Fourth-year captain of women’s lacrosse Bette Imhoff spoke on her experience being a Black woman in a predominantly white sport.

“Growing up in a predominantly white area, I was always the only Black girl on the team,” she said. “Joining a team, in the beginning, was tough because I was already distinguished as being different and an outsider, so I had to find a way to be accepted. They didn’t know me. I didn’t look like them. I was probably one of the first Black people they have seen. Therefore, they wouldn’t pass me the ball or ask me to be their partner during warmups.”

Despite these struggles, Imhoff thinks the extra barriers that she had to endure have made her a stronger, more empowered athlete.

“At a young age, I learned that I had to get my teammates’ respect before they would allow me to play,” she said. “Sports give athletes a safe space. However, I had to create that safeness for myself — it wasn’t just given to me. Sports have allowed me to become self-empowered and prideful of being Black and a woman.”

In athletics, the extra steps required of underrepresented women inform the work that’s yet to be done. Imhoff highlights a possible solution for the lack of diversity in lacrosse, specifically, that children of all backgrounds should be able to get a sports education.

“Economically speaking, lacrosse is an expensive sport to play because of the pricey equipment and thus, excludes a majority of people from participating,” she said.

Third-year Solace Porter, who is also on the women’s lacrosse team, is thankful for the opportunity that Oberlin Athletics has given her to build her self-confidence and sense of worth.

“Being POC in a majority white space, there is no one to look up to that you can relate to, and even in spaces like Oberlin where [diversity, equity, and inclusion] is supposed to be really important, there is still a cultural difference,” Porter wrote in an email to the Review. “But despite all this, having the Black Student-Athlete Group as a resource of like-minded and talented Black athletes is great. I have formed connections with former Black Oberlin athletes who have assisted me in securing internships, and I have been offered mentorship from current athletes.”

According to Porter, it is imperative that Oberlin students become more active in their support for Black students, especially Black women whose unique experiences often get ignored or go unsaid.

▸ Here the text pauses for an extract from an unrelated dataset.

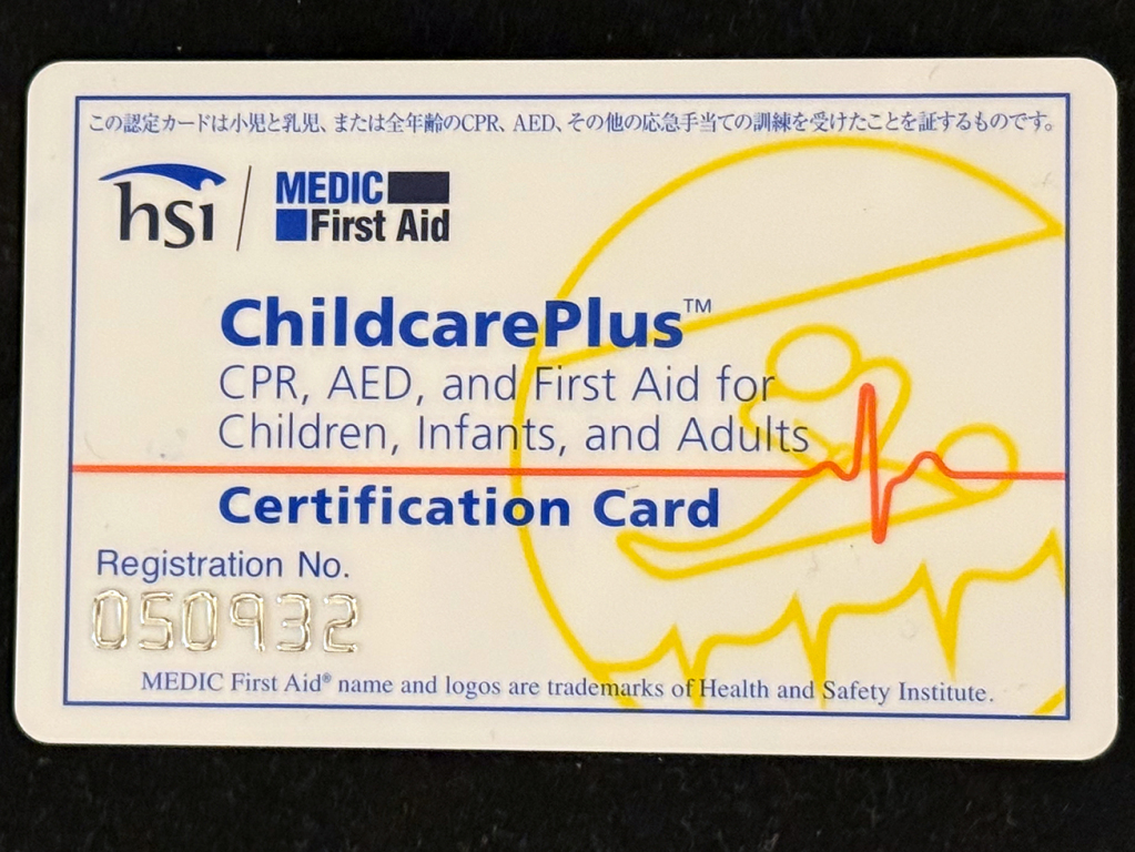小児を含む全年齢のCPR/AEDの講習はすでに他で受けているので、ファーストエイドのみ受講したいなどの場合にはこちらのプログラムが適しています。(復習のためにも、CPR/AEDの講習をやりたいという方は、ChildcarePlus™(チャイルドケアプラス)をお申し込みください)

“As one of the few Black lacrosse players, I not only play lacrosse because I love the sport, but I play for young girls who look like me and who deserve the opportunity to play,” she wrote.

Second-year women’s lacrosse player Emilie Jones thinks that the sense of togetherness among a community of strong women is of the utmost importance. As a white athlete, she acknowledges the privilege of her experience as a white person in sports — having been able to transcend certain stereotypes and create confidence for herself without the scrutiny of fellow women.

“Sports gave me a sense of confidence and empowerment, and a community who defied that timid aspect that is sometimes pushed onto women,” Jones said. “Being in athletics gives me so much power and confidence, and has made me a stronger, better person, more myself than I ever had been.”